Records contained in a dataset
+ + + + + + +
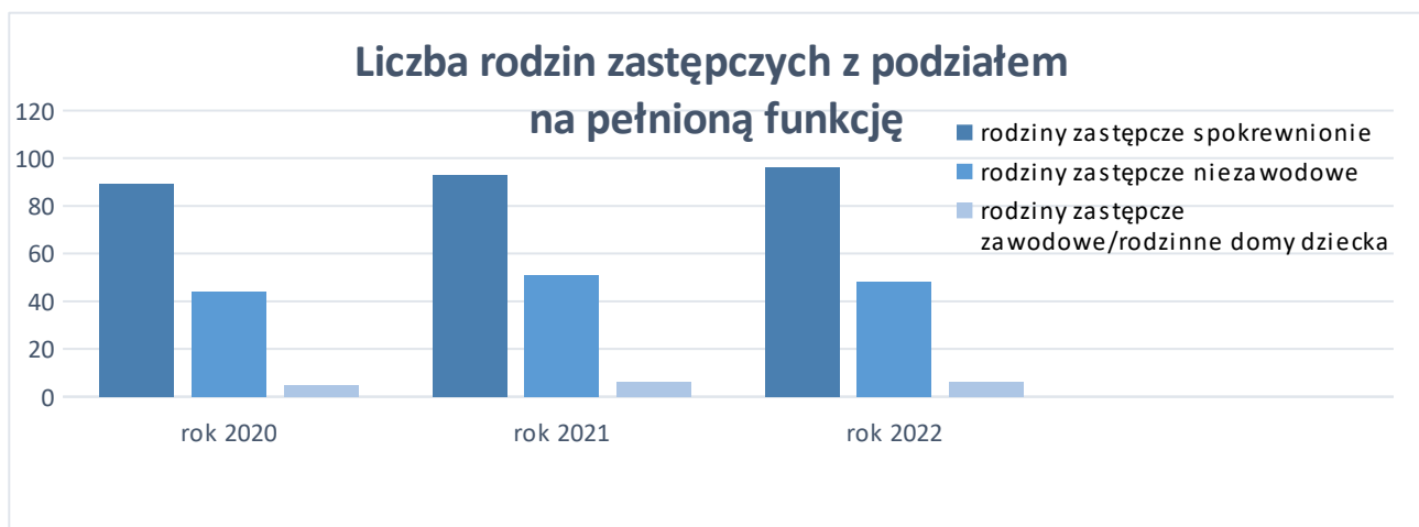
Wykres 1. Liczba rodzin zastępczych w latach 2020 – 2022 (stan na 31 grudnia każdego roku)
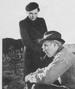
Szene aus: Eva und die Gemeinde
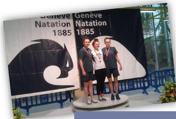
Podium 100 dos
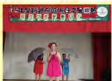
明日之星歌練演-推廣、發展的服務對象社區劇展，努力向樂天邁進
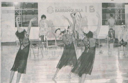
LA Danza Contemporánea, durante su presentación
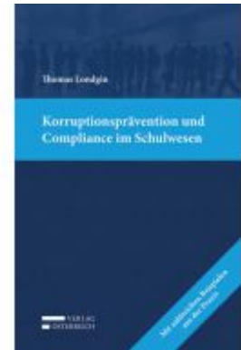
Korruptionsprävention und Compliance im Schulwesen Ladenpreis: 39,00 EUR
+ + + + + + +
What to do: Write out each line exactly, from the one containing "Podium 100 dos" through the end of the entries, and skip the pictures.

Response for this exercise:
Podium 100 dos
明日之星歌練演-推廣、發展的服務對象社區劇展，努力向樂天邁進
LA Danza Contemporánea, durante su presentación
Korruptionsprävention und Compliance im Schulwesen Ladenpreis: 39,00 EUR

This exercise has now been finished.